Advantages and features of the present invention and methods for accomplishing the same will become apparent with reference to the embodiments described in detail in the foregoing. However, the present invention is not limited to the embodiments described in detail, but may be embodied in various forms.

In one embodiment of the present invention, generally known methods, generally known mathematical formulas, generally known laws, generally known descriptions, generally known sequences and generally known techniques, The present invention can be applied to an embodiment of the present invention which is widely disclosed without relying on the use of the present invention.

In one embodiment of the present invention, methods, orders, and techniques that are known in the art, such as those specifically known to those skilled in the art, are not intended to be applied to the embodiments of the present invention.

Those skilled in the art will readily appreciate that a person skilled in the art will be able to carry out the invention without departing from the scope of the present invention, It will be appreciated that the invention is feasible.

The terms and expressions which have been employed herein are used as terms of the detailed description of the invention but are not intended to be limiting and are not intended to limit the terms or expressions of the described or illustrated features. However, various modifications are possible within the scope of the present invention. It is, therefore, to be understood that the exemplary embodiments and optional features, as well as modifications and variations of the concepts described herein, may be resorted to by the prior art and the like, even though the invention has been described by some preferred embodiments, Variations may be considered within the scope of the invention as defined by the appended claims.

In one embodiment of the present invention, the specific embodiments provided are illustrative of useful embodiments of the present invention, and those of ordinary skill in the art should understand that changes may be made to the elements, As will be appreciated by those skilled in the art.

Those skilled in the art will appreciate that in one embodiment of the invention particular embodiments of the invention may be used including various optional configurations and methods and steps.

The specific nomenclature of the components described or illustrated herein may be resorted to as an example, insofar as those of ordinary skill in the art to which the invention pertains may specifically refer to the specific names of the same components. Accordingly, the specific names of the components described or illustrated herein should be understood based on the overall description of the invention as set forth.

In one embodiment of the present invention, it is contemplated that combinations of the described or described groups of the present invention may be used to practice the present invention, if not otherwise stated.

In one embodiment of the present invention, combinations of the groups described or described that may be included in a higher group of the present invention may be used within a higher group of the present invention, unless otherwise stated.

In an embodiment of the present invention, individual values that may be included in the scope of the group described or described above as well as when the scope of the group described or described is given in detail may be used in the scope of the above described or described group.

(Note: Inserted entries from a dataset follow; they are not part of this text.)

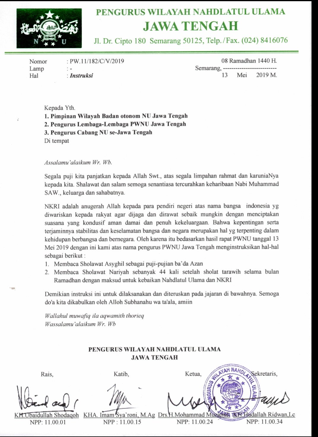 Instruksi Penyelenggaraan Harlah Nu Mcnu Madura Cinta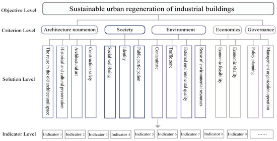 The AHP method combines qualitative and quantitative research, utilizing a hierarchical and systematic structure [78]. Its main advantage lies in its hierarchical diagram, which succinctly presents complex multi-objective and multi-level assessments, clearly expressing the relationships between various factors. It is widely applied across different fields due to its practicality and effectiveness in addressing complex decision-making problems [79]. The adaptive reuse of industrial buildings involves multiple dimensions and scales, representing a complex urban system. AHP addresses these complex decision-making issues by constructing a structure that links the main objectives to various levels of indicators [80]. The hierarchical structure model (Figure 2) includes the goal layer, criterion layer, solution layer, and factor layer.
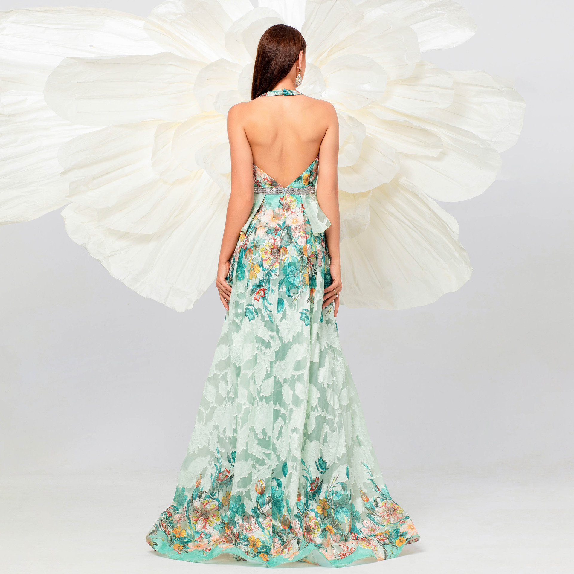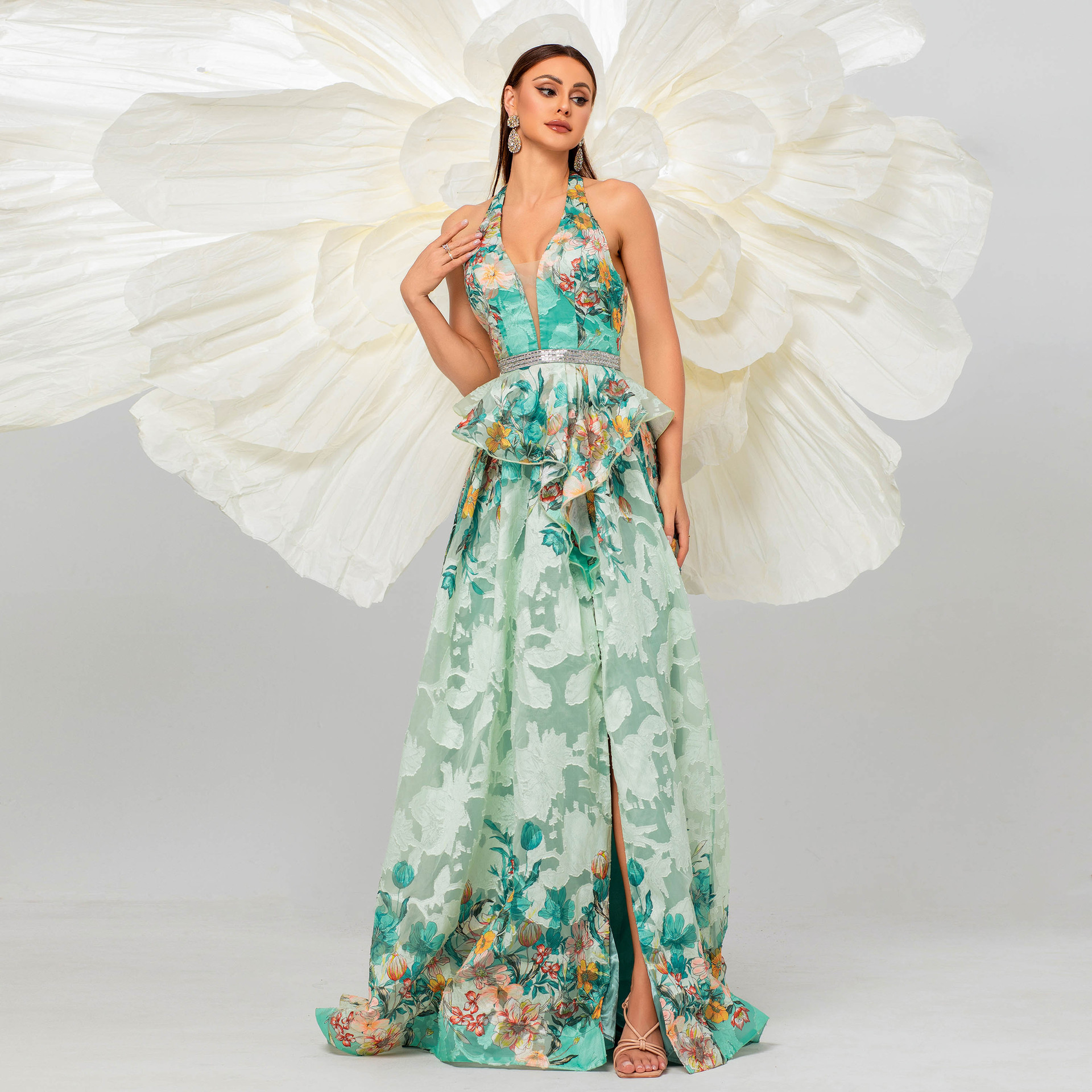 Sleeveless V neck Halter Long Floor Length Wedding Evening Dress Large Swing Dress Women Clothing

In an embodiment of the present invention, combinations of groups that can be included in the scope of the groups described or described above, as well as when the scope of the groups described or described is given in detail, may be used in the scope of the groups described or described above .

In an embodiment of the present invention, when a range of the described or described group is given in detail, a group which can be included in the range of the above described or described group can be used in the range of the above described or described group.

In one embodiment of the present invention, equivalently known components or variants of the components described or illustrated can be used to practice the invention without intending to be mentioned otherwise.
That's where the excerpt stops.